» **Problem requirements**
After locating the line with "Peste bandaj se" below, output it and each following line exactly, stopping after the line with "Hispanic young lifeguard". No pictures.

----- Given records

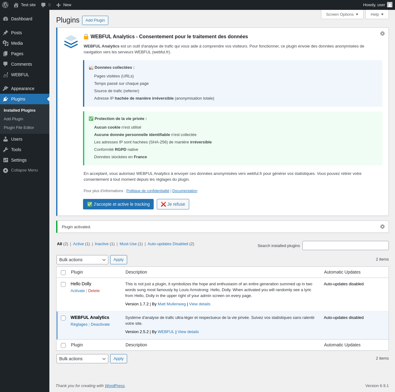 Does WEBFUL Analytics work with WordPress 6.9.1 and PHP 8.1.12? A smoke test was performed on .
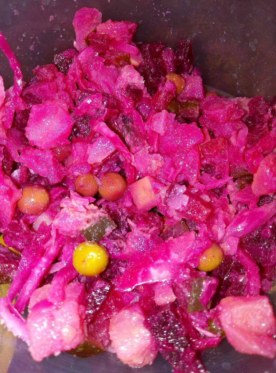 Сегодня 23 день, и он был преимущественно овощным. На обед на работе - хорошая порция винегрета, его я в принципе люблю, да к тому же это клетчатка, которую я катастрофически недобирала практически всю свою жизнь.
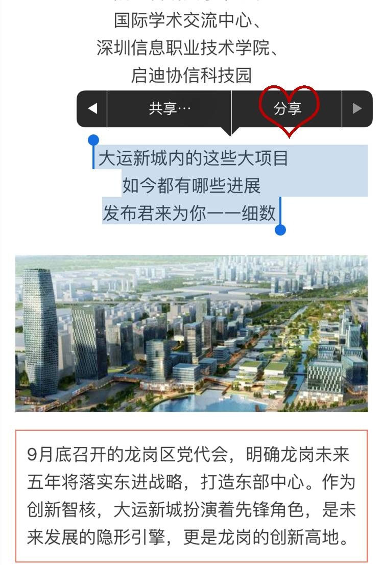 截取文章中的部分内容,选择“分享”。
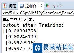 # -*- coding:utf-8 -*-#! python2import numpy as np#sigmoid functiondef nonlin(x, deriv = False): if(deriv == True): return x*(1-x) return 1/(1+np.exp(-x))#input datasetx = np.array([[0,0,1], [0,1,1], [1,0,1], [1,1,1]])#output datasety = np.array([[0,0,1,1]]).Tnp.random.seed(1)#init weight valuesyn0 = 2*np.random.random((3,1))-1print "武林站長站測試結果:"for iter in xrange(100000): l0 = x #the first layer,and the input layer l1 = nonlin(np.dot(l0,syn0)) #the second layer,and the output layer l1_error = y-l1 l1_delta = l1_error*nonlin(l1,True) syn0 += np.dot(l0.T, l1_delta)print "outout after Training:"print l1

----------
----- Given records

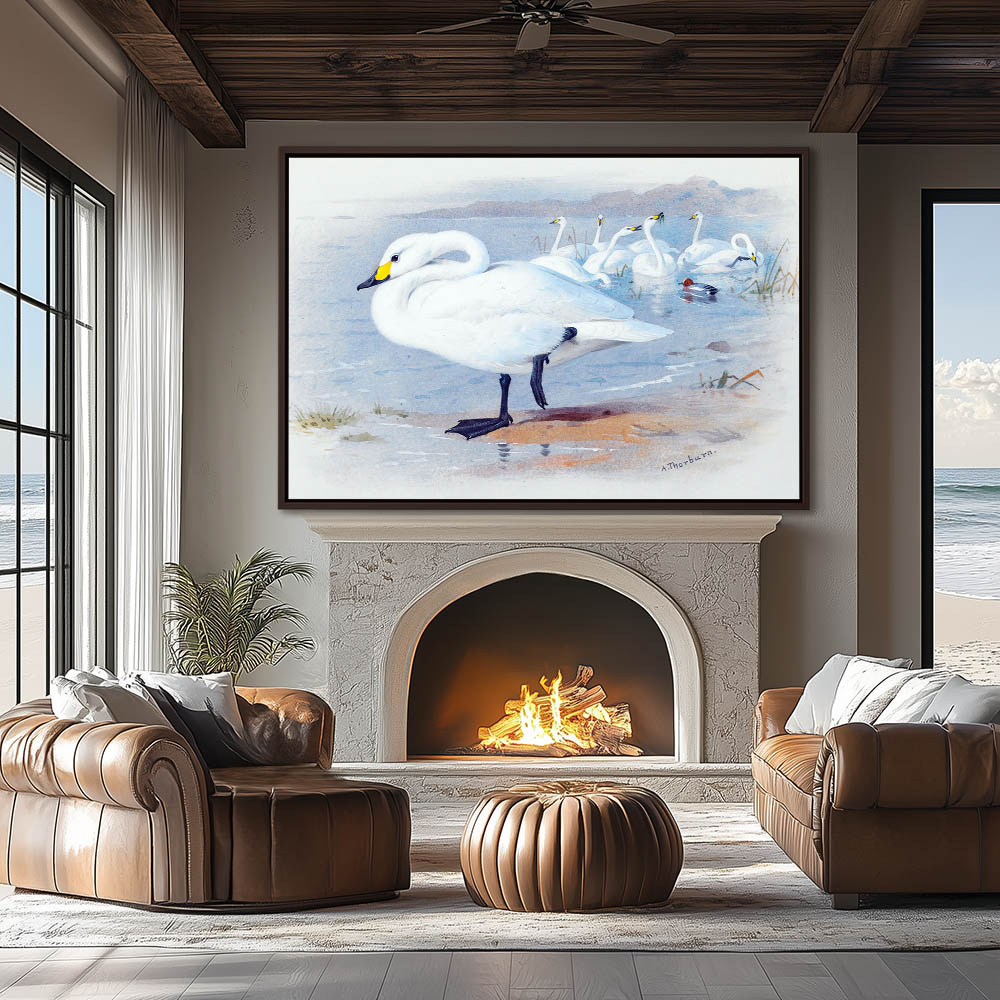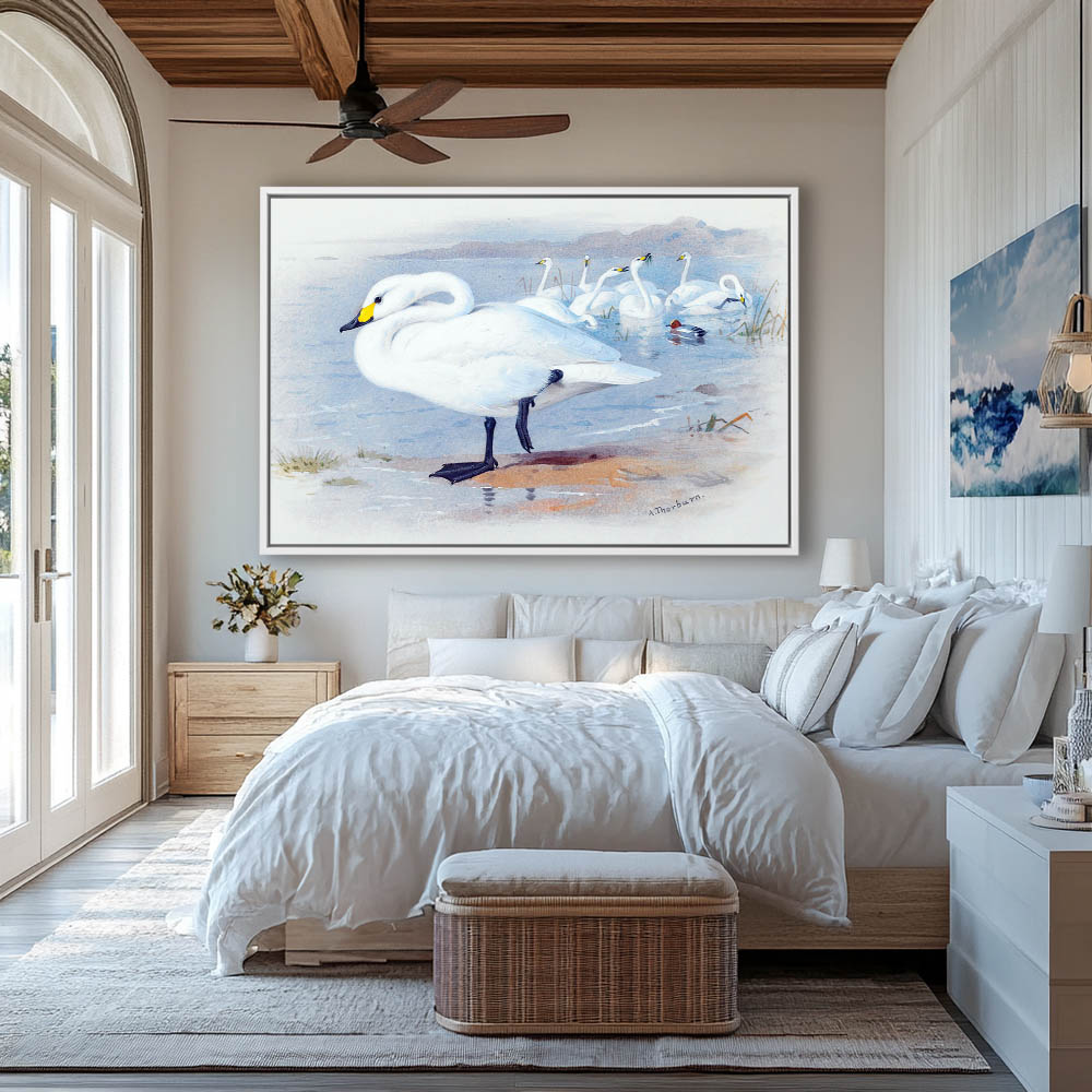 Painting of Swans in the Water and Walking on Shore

----------
----- Given records

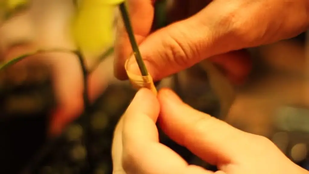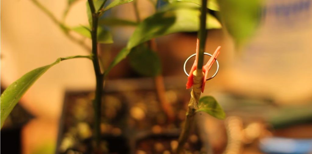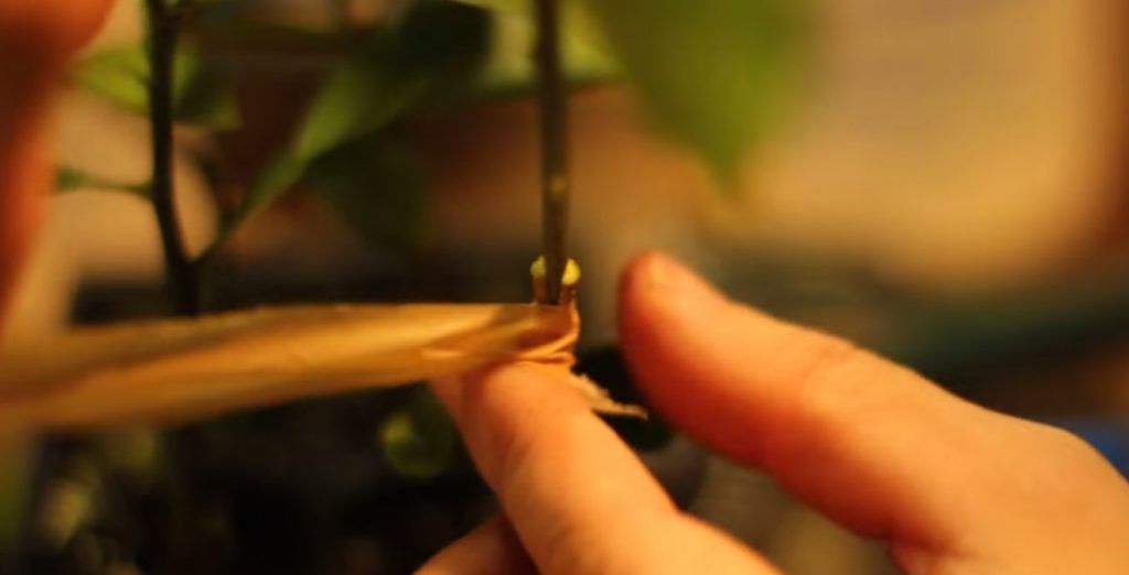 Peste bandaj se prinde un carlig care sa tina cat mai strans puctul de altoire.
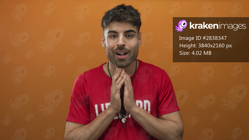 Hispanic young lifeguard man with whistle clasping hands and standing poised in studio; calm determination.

----------

» **Solution**
 Peste bandaj se prinde un carlig care sa tina cat mai strans puctul de altoire.
 Hispanic young lifeguard man with whistle clasping hands and standing poised in studio; calm determination.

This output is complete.